Power PR: Matthew Freud and the Murdoch Empire

Many media commentators are speculating on who exactly has the most to lose from the precipitous events caused by the News of the World hacking scandal. The obvious casualties are the hundred journalists who have been pushed out into the cold. Murdoch has withdrawn from BSkyB bid. Other titles are in a definitive tailspin. Andy Coulson could be looking at some time in the slammer.

Arguably, the incandescent political damage done by the phone hacking has savaged the Prime Minister’s brand. Any scandal that needs to propel a failing opposition leader into a favourable light requires emergency PR council. Alas, Ed Milliband isn’t free to dance on the Prime Minister’s misfortune because he too is aided by an ex News International journalist.

Matthew Freud is perhaps one player who has even more to lose. I’ve been operating a PR company breathing the same oxygen as Matthew, but he’s been on an impressive mission and built a far bigger empire. Make no mistake, the omnipresent Freud, eminence grise, is held on high by the phantom in the wings. The PR industry gives credence to the fact that he is the country’s most powerful PR broker. His influence, aided by his marriage to the Murdoch family and his close friendship with Rebekah Brooks, simply cannot be ignored. He sits in the middle of the powerful circle to the advantage of many of his clients.

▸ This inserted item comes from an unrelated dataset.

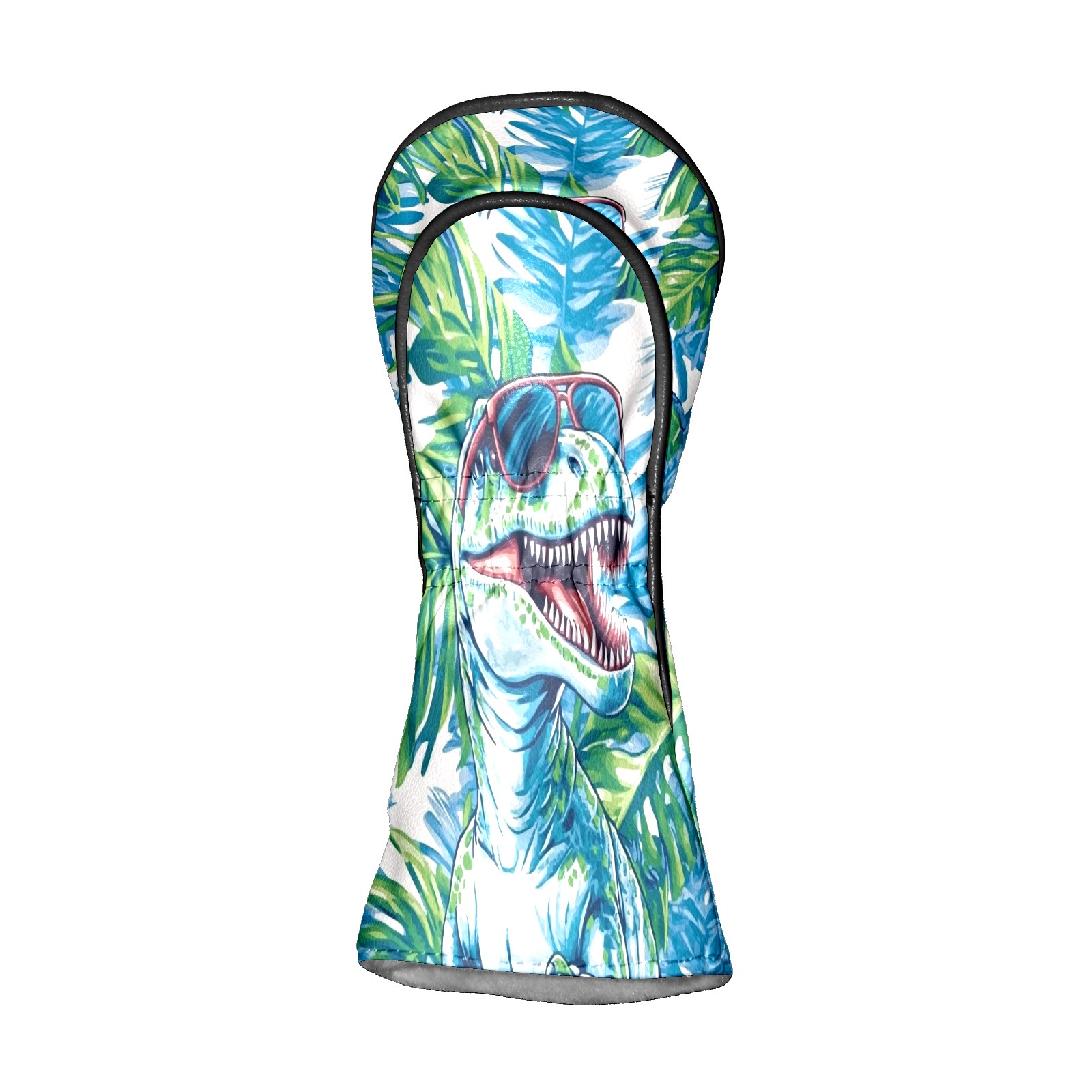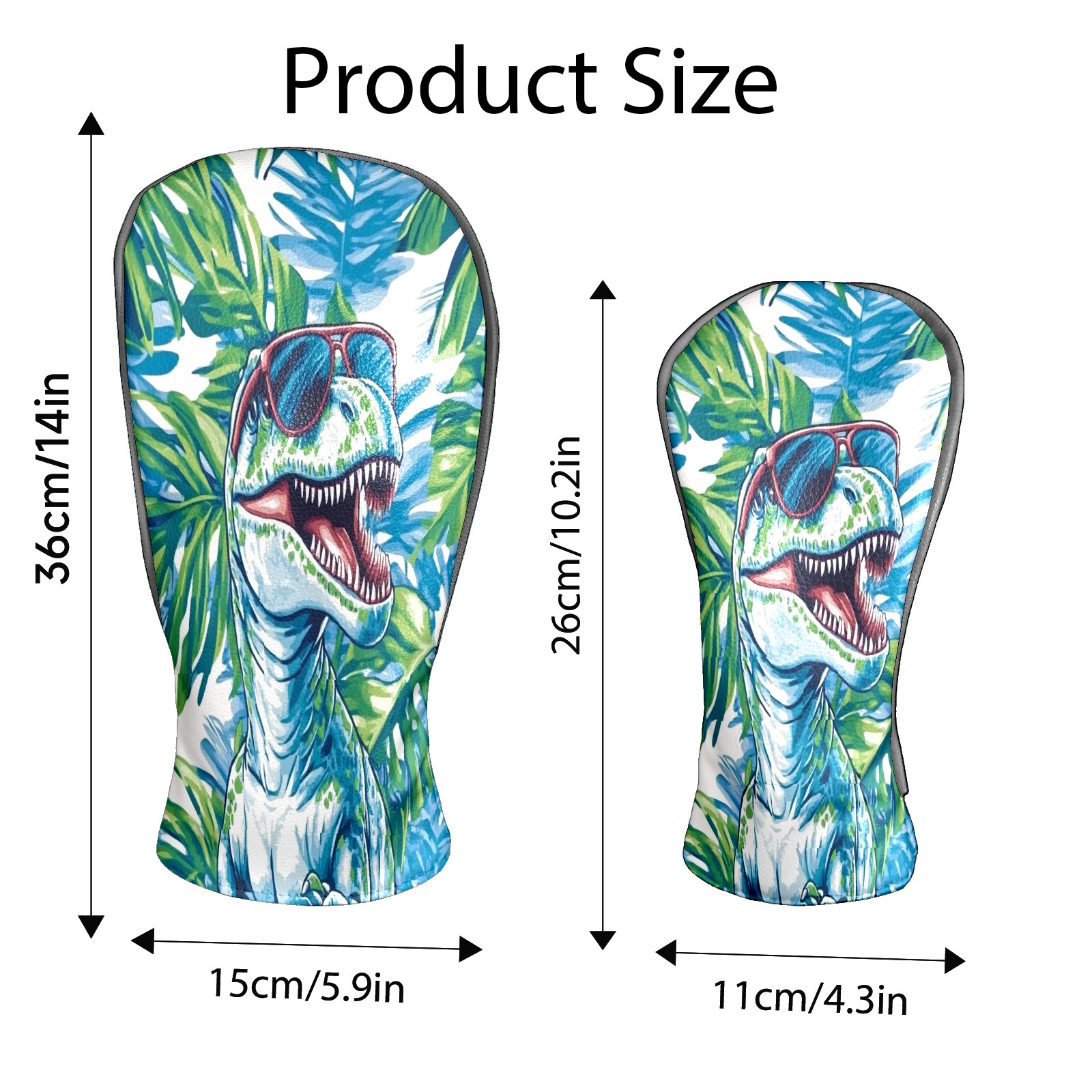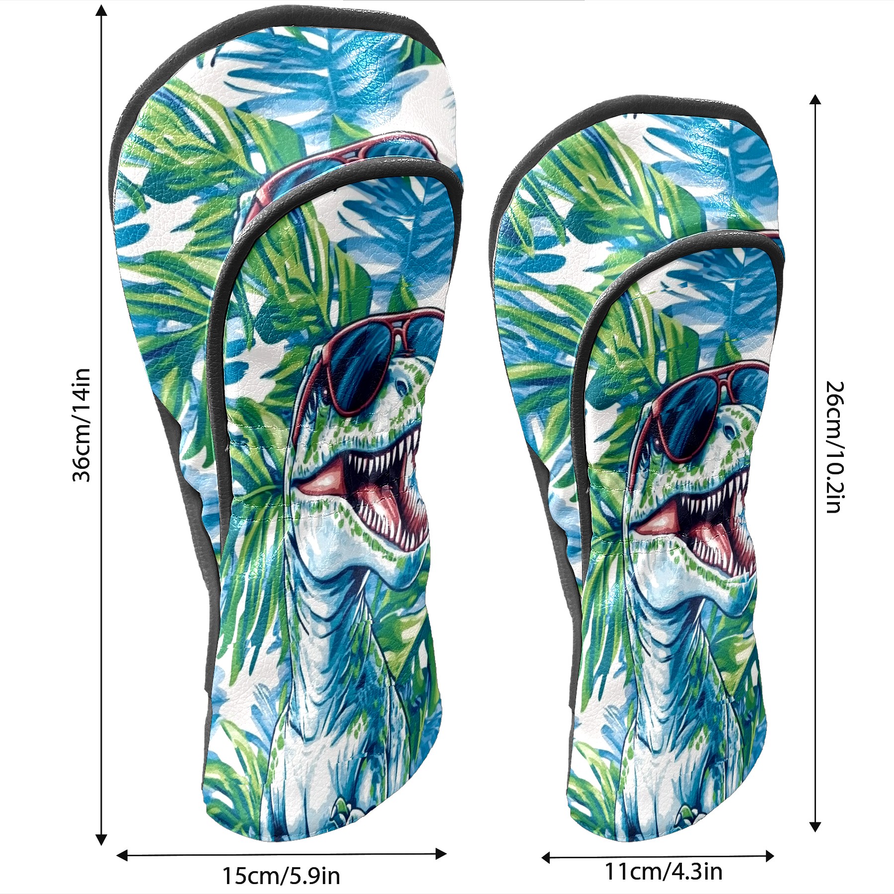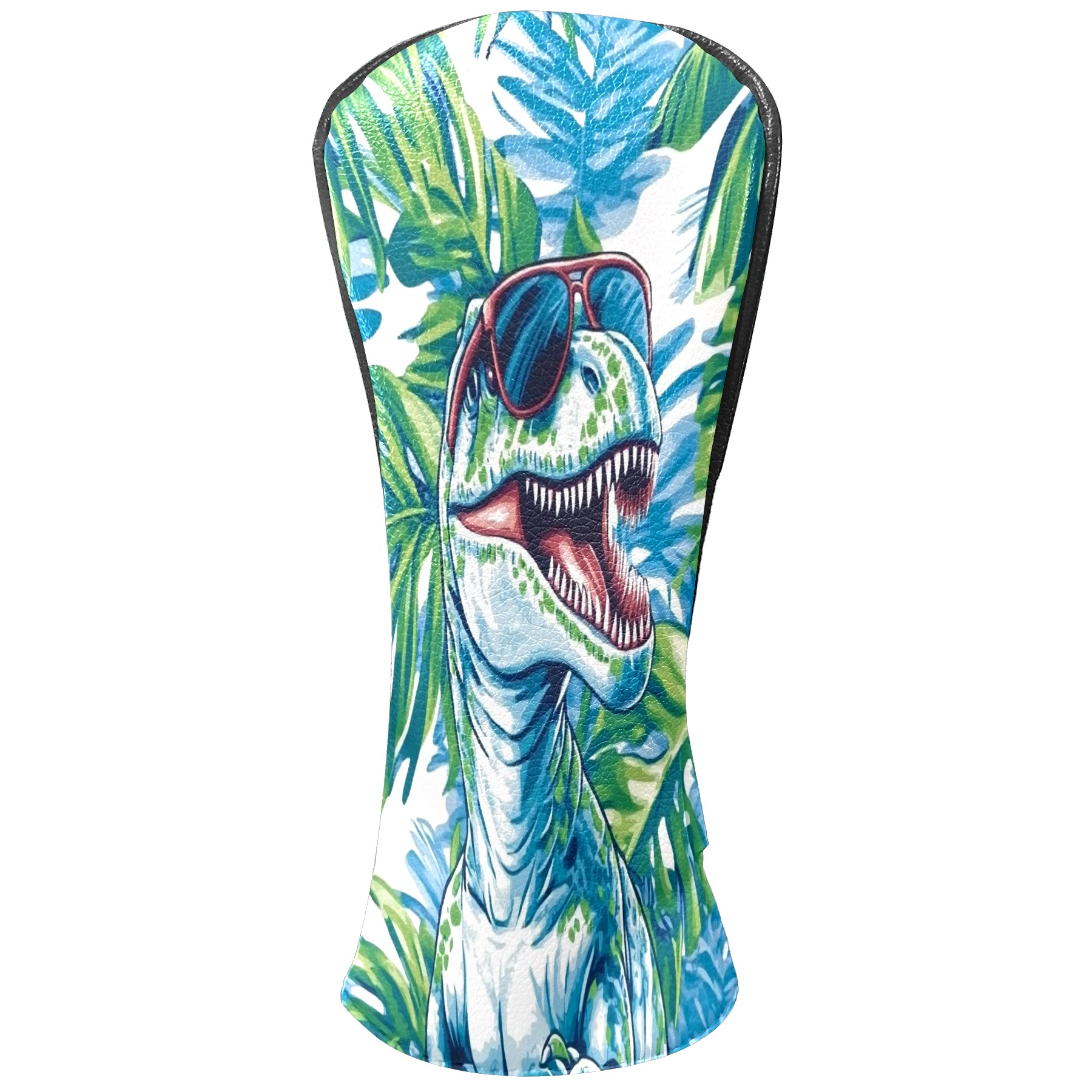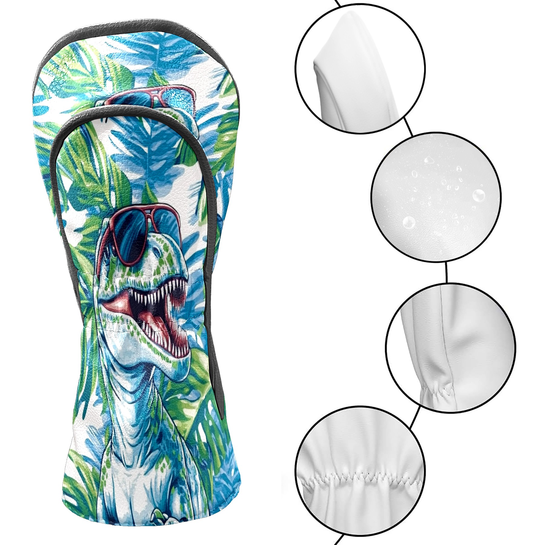 Golf Club Head Covers for Driver and Fairway Woods, Waterproof Leather Headcovers for Golf Clubs, Ideal Golf Accessories Gift for Men Women (T-rex Wearing Sunglasses)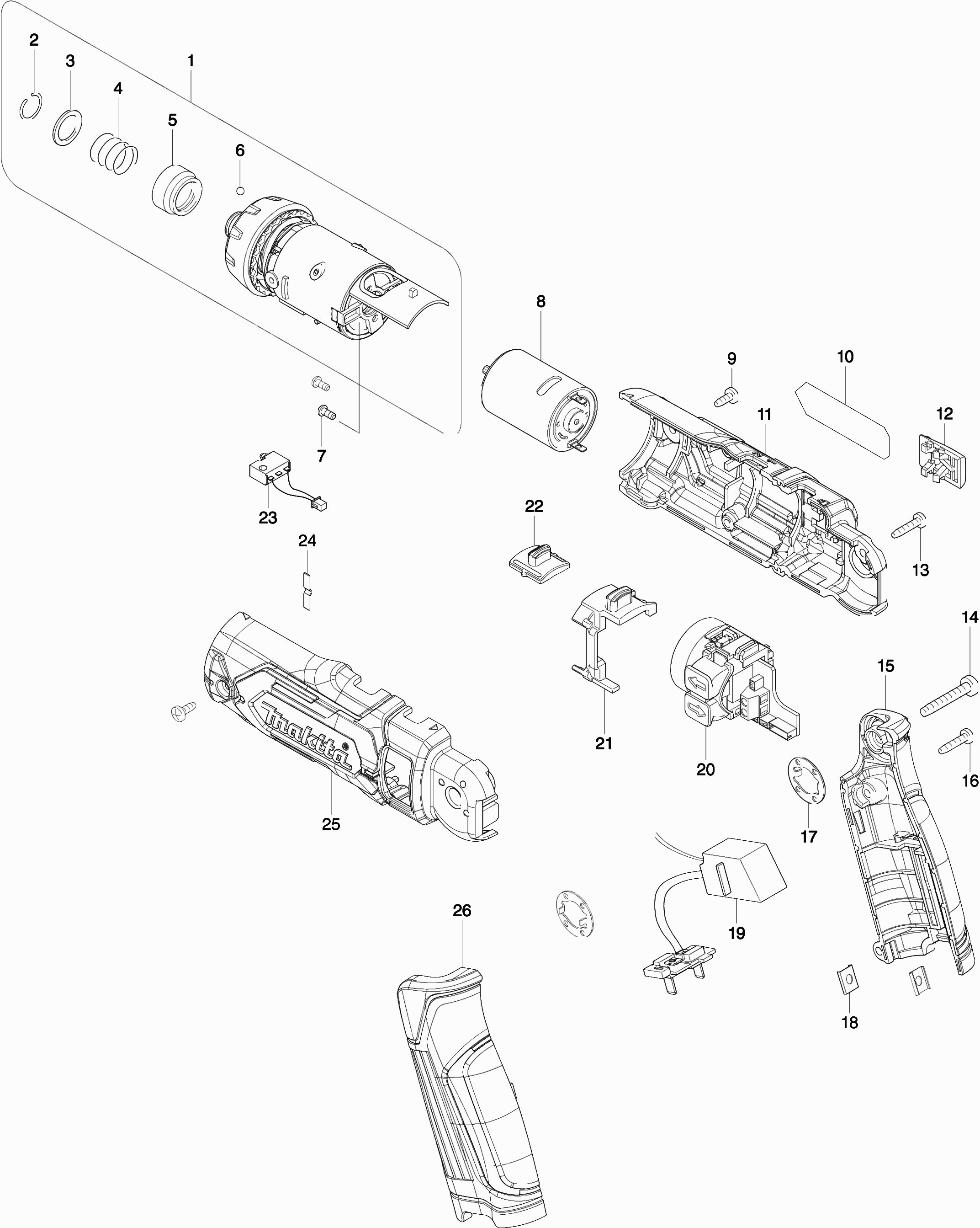 Here you will find all available parts and drawings of the 'Makita DF012D'. From here you can order all desired parts directly. Many parts must be ordered from the manufacturer, depending on the brand, this takes one to four weeks. All the information we have is on our website, we cannot advise you on what you need, for that you will need to return the machine for repair. Please note the following when ordering:

Why not? Isn’t that what every powerful PR broker has done since the birth of public relations? After all, Freud is related to Edward Bernays, the grandfather of spin. Certainly legend has it that if Matthew was involved on any company account, things happened. Embellishing the corporate Freudian myth became a brilliant pitching device and a pivotal instrument for his empire. Yet now, many are questioning whether this leverage is under threat.

It looks like his desire to be influential in political power has been thwarted, and of course so has Murdoch’s. Suddenly it is possible to ask whether The Sun ever did win an election. Has the spell been broken?

It seems, now, that the newspapers’ influence might be waning generally and that News Corporation’s political clout is actually pretty limited – as the sacrifices made in the name of BSkyB would prove. What is a 168 year old newspaper worth in the face of television’s reach? Not a lot, apparently.

As the old Fleet Street vet Roy Greenslade commented in his blog: “The press is not, and probably never has been, as powerful an agent as politicians seem to believe. On the other hand, it is certainly not as neutral and lacking in influence as proprietors tend to say.”

Politicians are vain and take themselves seriously, they like reading about themselves. The papers are merely convenient scapegoats for the moment that parties or policies fail.

Of course recent events will usher in a change in the way the relationship between Murdoch and the political class works. His perceived brand power will now be playing against him; folk are uncomfortable about a figure that can be portrayed as an over-mighty influence on political affairs. It is apparent that, for the time being, he will actually be unable to wield the power it is claimed he is able to exercise. For this reason, Miliband has ostentatiously burned his bridges with the Murdoch press. This strategy holds the advantage of leaving him looking like a clean man fighting a great power, but without significant electoral risk.

So will Freud’s prestige and standing be overshadowed by the current calamities? Will his legendary parties still arouse and beguile? The Freudian metonymy is disfigured; indisputably, the political class is under pressure to distance itself from the pandemonium and any related individuals. The political class is pragmatic, hardnosed and commonsensical and will steer clear of negative ink and public disdain.

The Freudian cult faces a huge challenge and Freud’s business dexterity will be something to watch. Matthew is a fearless, creative and audacious networker with considerable clout, but his capacity to manoeuvre and redirect his powers will be paramount if his brand is to survive the events of the last 10 days. I guess he is ahead of the curve and plans to reshape his brand persona in the coming months. Whatever; the new world order of PR is upon us.


With the resignation this morning of Rebekah Brooks, it looks like Murdoch is beginning to kick emotional ties into touch. What bearing this will have on Matthew Freud remains to be seen.